_Recorded data:_

------------------------------------------------------------

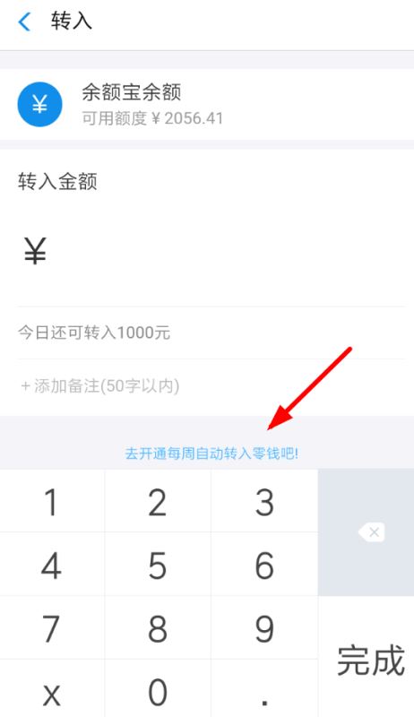 2、在“转入”页面的底端点击“去开通每周自动转入零钱”按钮,这样就可以管理定期存入资金的服务了。
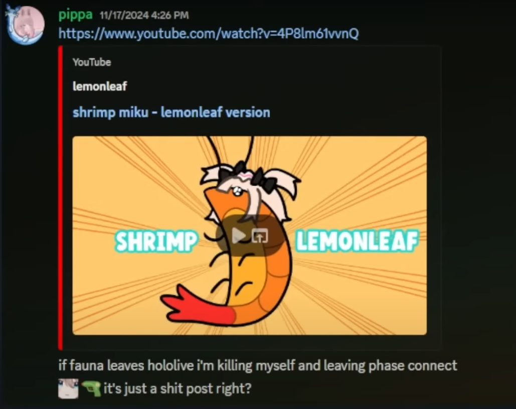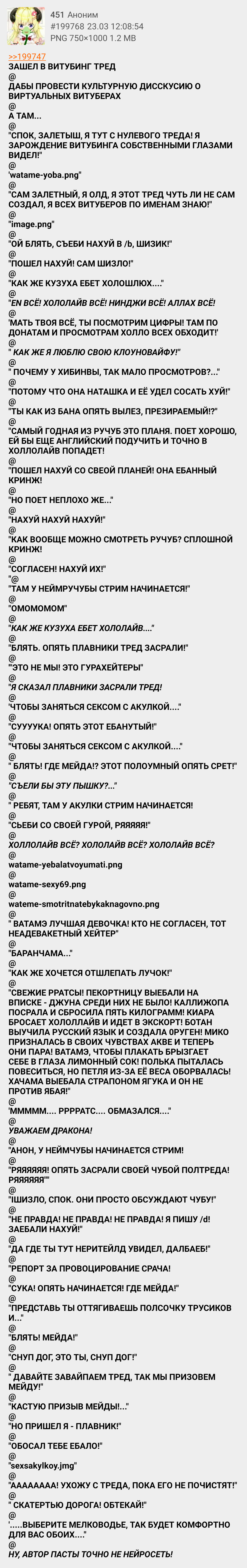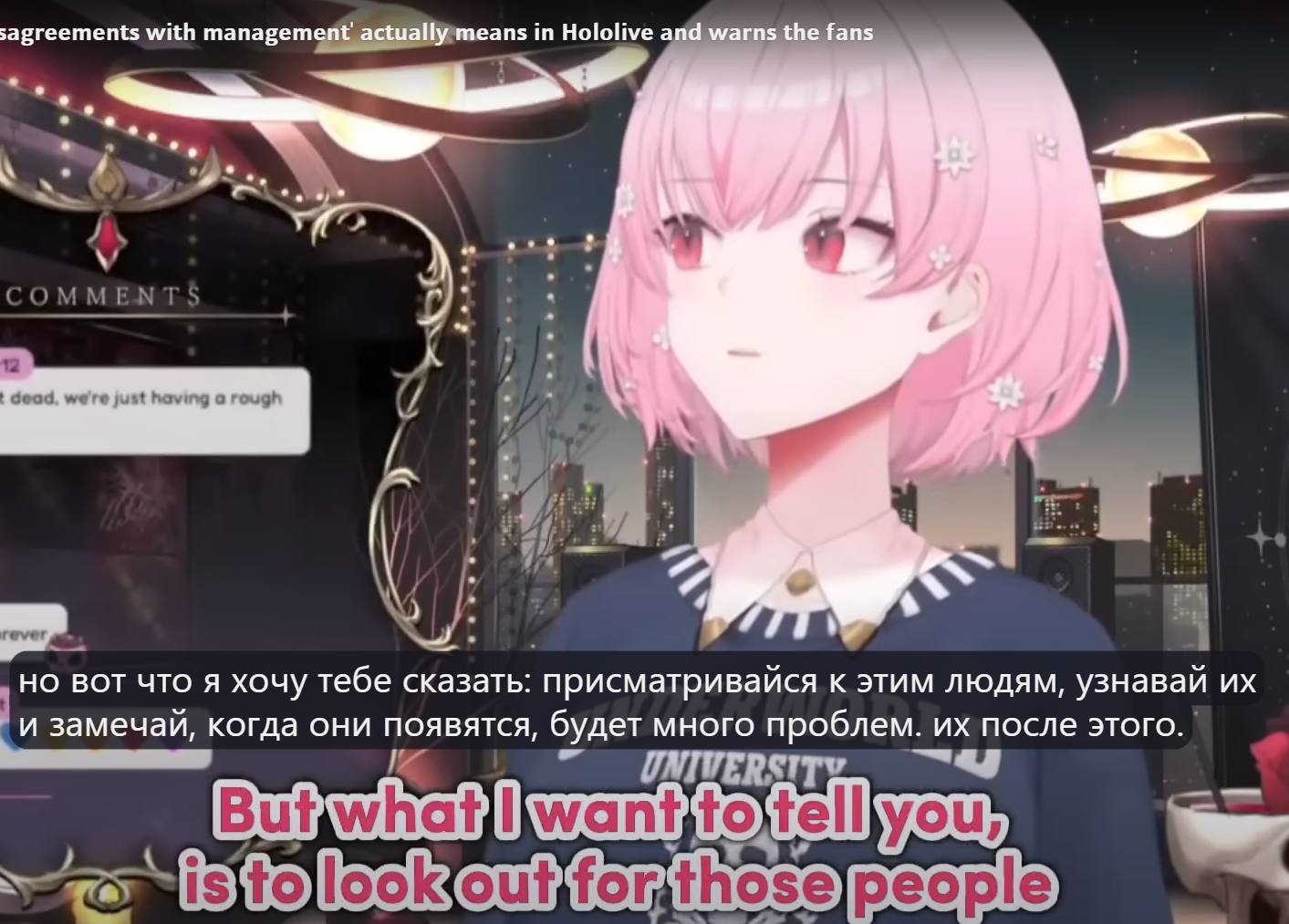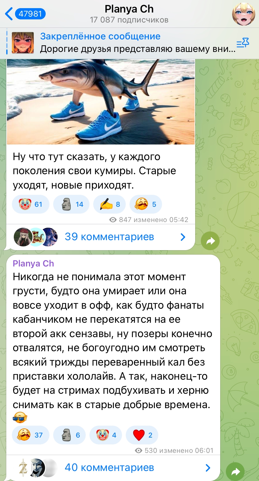 > Я супер-устал за вчерашний день. Хотел постримить, но физически уже не смог потому что в чатах в Дискорде и Телеге происходил анал-карнавал и мы с модерами пытались это дело хоть как-то просматривать и поддерживать порядок, я не спал с пяти утра потому что именно ночью и утром была самая жесть. Еще никогда чаты настолько не полыхали лол. Но я никого не виню, само собой. Оно и понятно, уход Гуры это очень большое событие и людям нужно было выпустить свою фрустрацию. Надеюсь что хотя бы некоторым из вас разговоры помогли обрести душевное равновесие. Я только хочу сказать что мои мысли с выхода ролика не изменились. "Разногласия с менеджментом" это ОЧЕНЬ-ОЧЕНЬ-ОЧЕНЬ гибкая формулировка. Это не одна какая-то причина, это множество индивидуальных вещей, о которых девчонки, ввиду самой природы витубинга, рассказать не могут. Опять-таки, уход Гуры сюрпризом ни для кого не был. Уход Мумей не удивил тех кто долго за ней следил. Уход Шион тоже не сюрприз. У девчонок довольно индивидуальные случаи и, зачастую, личные причины. Вот вам женщина-краб в подтверждение: https://www.youtube.com/watch?v=pIrSHtHnRE0
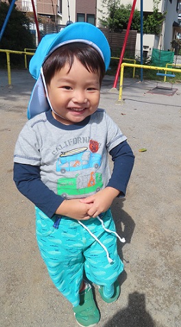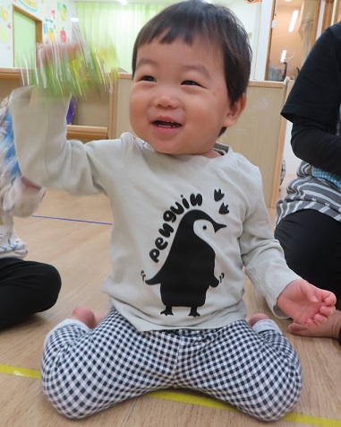 春には、保育者の抱っこや腹ばいで外気欲を楽しんでいた子どもたち。今月からたくさん戸外に出られるようになり、自分で歩いたり、ハイハイしたりと自由に身体を動かして遊んでいました。
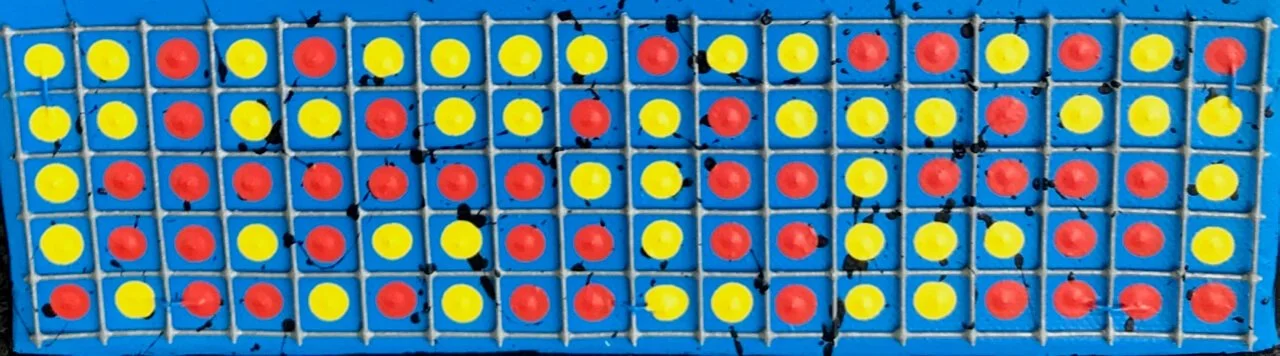 Les deux points situés en haut du tableau au centre (dans un petit bout de treillis) nous indiquent, par leur ordre d’apparition de gauche à droite, que le rouge (le premier point) symbolisera le chiffre 0 et que le jaune (en tant que second point) symbolisera le chiffre 1.

------------------------------------------------------------

_What you have to do:_
What you produce must match the listing word for word, with no images in it.

_Reply to the task:_
 2、在“转入”页面的底端点击“去开通每周自动转入零钱”按钮,这样就可以管理定期存入资金的服务了。
 > Я супер-устал за вчерашний день. Хотел постримить, но физически уже не смог потому что в чатах в Дискорде и Телеге происходил анал-карнавал и мы с модерами пытались это дело хоть как-то просматривать и поддерживать порядок, я не спал с пяти утра потому что именно ночью и утром была самая жесть. Еще никогда чаты настолько не полыхали лол. Но я никого не виню, само собой. Оно и понятно, уход Гуры это очень большое событие и людям нужно было выпустить свою фрустрацию. Надеюсь что хотя бы некоторым из вас разговоры помогли обрести душевное равновесие. Я только хочу сказать что мои мысли с выхода ролика не изменились. "Разногласия с менеджментом" это ОЧЕНЬ-ОЧЕНЬ-ОЧЕНЬ гибкая формулировка. Это не одна какая-то причина, это множество индивидуальных вещей, о которых девчонки, ввиду самой природы витубинга, рассказать не могут. Опять-таки, уход Гуры сюрпризом ни для кого не был. Уход Мумей не удивил тех кто долго за ней следил. Уход Шион тоже не сюрприз. У девчонок довольно индивидуальные случаи и, зачастую, личные причины. Вот вам женщина-краб в подтверждение: https://www.youtube.com/watch?v=pIrSHtHnRE0
 春には、保育者の抱っこや腹ばいで外気欲を楽しんでいた子どもたち。今月からたくさん戸外に出られるようになり、自分で歩いたり、ハイハイしたりと自由に身体を動かして遊んでいました。
 Les deux points situés en haut du tableau au centre (dans un petit bout de treillis) nous indiquent, par leur ordre d’apparition de gauche à droite, que le rouge (le premier point) symbolisera le chiffre 0 et que le jaune (en tant que second point) symbolisera le chiffre 1.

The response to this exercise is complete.